## [EXERCISE]
Once the line containing "échantillon collé sur" is found in the entries below, reproduce it and every line after it, stopping at and including the line containing "currents. There are"; reproduce nothing else, and keep each line exact.

Items from a data source:

-------

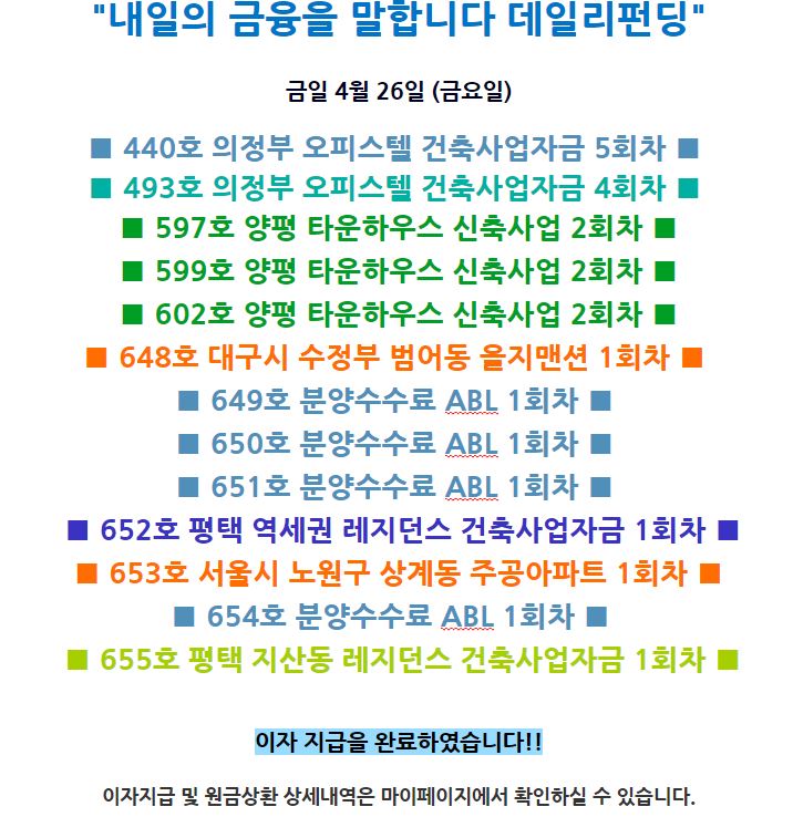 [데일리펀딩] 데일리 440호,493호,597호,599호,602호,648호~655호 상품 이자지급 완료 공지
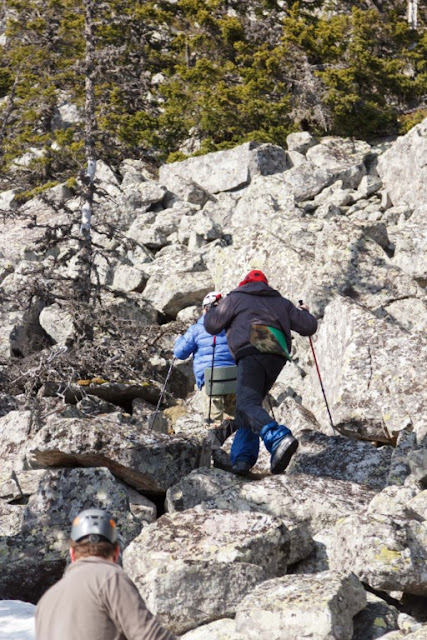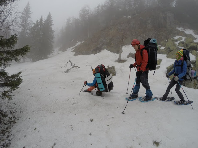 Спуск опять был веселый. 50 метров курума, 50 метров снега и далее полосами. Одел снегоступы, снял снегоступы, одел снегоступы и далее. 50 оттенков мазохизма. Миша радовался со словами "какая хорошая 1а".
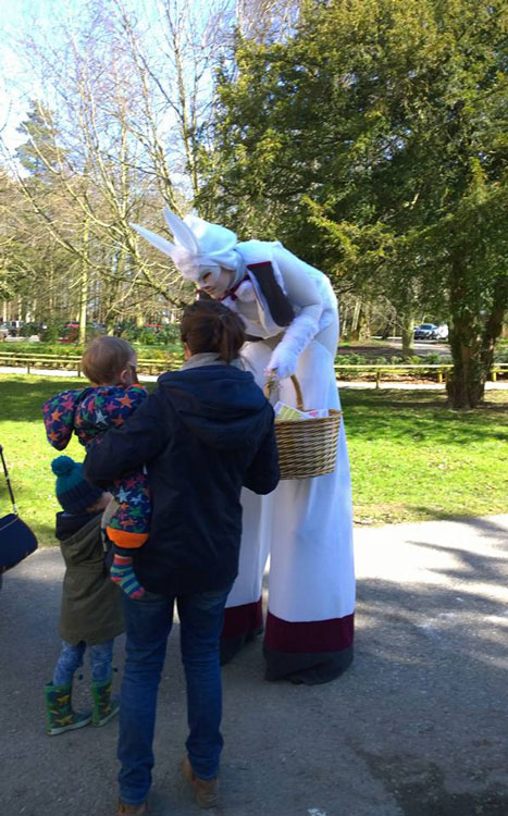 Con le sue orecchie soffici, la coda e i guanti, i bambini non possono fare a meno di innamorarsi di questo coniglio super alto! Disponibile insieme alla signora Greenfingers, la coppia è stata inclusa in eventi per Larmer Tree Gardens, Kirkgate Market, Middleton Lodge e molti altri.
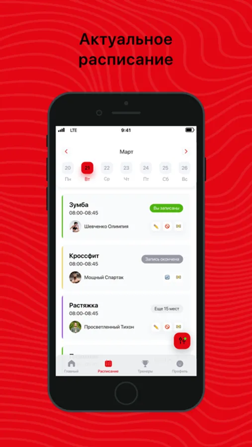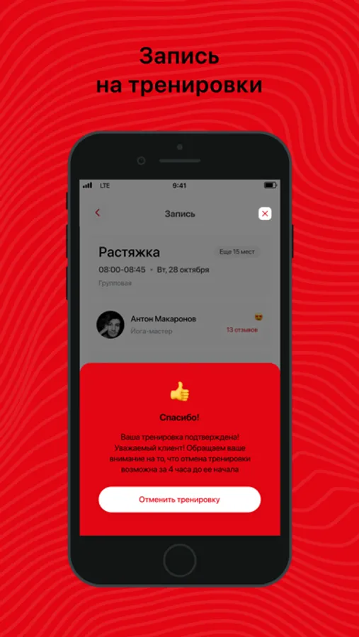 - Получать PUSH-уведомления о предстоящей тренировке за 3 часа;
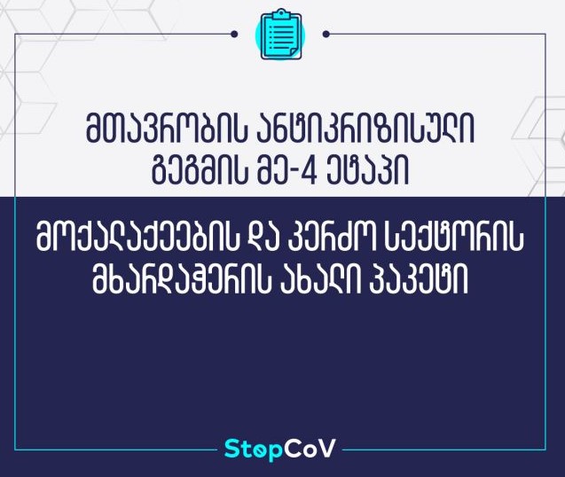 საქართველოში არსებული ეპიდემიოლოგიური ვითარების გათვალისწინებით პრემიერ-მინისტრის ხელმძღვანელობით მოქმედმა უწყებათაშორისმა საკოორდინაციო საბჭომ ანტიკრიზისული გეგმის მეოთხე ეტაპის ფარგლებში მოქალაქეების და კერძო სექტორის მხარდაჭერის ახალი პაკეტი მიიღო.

-------

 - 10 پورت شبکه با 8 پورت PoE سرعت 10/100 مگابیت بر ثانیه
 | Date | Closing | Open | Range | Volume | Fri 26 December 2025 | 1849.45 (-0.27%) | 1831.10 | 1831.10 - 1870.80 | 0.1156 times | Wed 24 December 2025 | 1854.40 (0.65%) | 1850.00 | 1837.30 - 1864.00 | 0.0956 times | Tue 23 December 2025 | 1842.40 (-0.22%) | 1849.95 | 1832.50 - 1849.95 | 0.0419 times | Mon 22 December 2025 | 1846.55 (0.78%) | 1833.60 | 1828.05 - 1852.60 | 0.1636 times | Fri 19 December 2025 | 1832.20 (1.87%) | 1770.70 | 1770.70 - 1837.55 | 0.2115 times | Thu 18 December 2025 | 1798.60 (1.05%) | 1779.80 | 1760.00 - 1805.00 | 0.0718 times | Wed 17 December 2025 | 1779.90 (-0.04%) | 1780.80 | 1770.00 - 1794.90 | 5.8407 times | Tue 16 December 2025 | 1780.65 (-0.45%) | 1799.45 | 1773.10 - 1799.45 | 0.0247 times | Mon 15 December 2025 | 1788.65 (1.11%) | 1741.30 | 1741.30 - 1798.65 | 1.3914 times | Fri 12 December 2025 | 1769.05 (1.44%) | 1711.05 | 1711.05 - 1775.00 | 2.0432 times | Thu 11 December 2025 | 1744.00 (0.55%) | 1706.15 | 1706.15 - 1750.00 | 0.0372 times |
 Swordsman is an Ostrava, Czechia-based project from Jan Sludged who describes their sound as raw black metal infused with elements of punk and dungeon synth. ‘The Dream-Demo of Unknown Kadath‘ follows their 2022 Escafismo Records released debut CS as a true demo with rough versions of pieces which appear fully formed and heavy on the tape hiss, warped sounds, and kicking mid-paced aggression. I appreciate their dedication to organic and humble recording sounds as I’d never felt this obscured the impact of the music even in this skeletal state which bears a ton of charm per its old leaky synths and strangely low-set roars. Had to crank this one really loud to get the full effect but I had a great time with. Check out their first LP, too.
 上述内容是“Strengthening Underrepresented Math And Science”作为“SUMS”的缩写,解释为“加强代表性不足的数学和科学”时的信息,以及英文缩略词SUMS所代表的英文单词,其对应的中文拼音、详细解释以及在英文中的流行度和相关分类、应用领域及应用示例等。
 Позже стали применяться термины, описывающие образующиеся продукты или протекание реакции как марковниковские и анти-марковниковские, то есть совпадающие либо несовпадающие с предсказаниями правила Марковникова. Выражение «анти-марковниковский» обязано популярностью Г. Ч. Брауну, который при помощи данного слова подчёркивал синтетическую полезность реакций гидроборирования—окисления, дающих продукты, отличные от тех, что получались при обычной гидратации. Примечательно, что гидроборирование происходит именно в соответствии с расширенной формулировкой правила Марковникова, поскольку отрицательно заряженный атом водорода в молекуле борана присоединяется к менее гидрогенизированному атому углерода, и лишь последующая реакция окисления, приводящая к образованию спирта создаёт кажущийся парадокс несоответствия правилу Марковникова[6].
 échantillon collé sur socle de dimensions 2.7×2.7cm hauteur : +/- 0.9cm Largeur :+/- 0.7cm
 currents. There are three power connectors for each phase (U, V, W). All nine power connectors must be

-------

## [RESPONSE BOX]
 échantillon collé sur socle de dimensions 2.7×2.7cm hauteur : +/- 0.9cm Largeur :+/- 0.7cm
 currents. There are three power connectors for each phase (U, V, W). All nine power connectors must be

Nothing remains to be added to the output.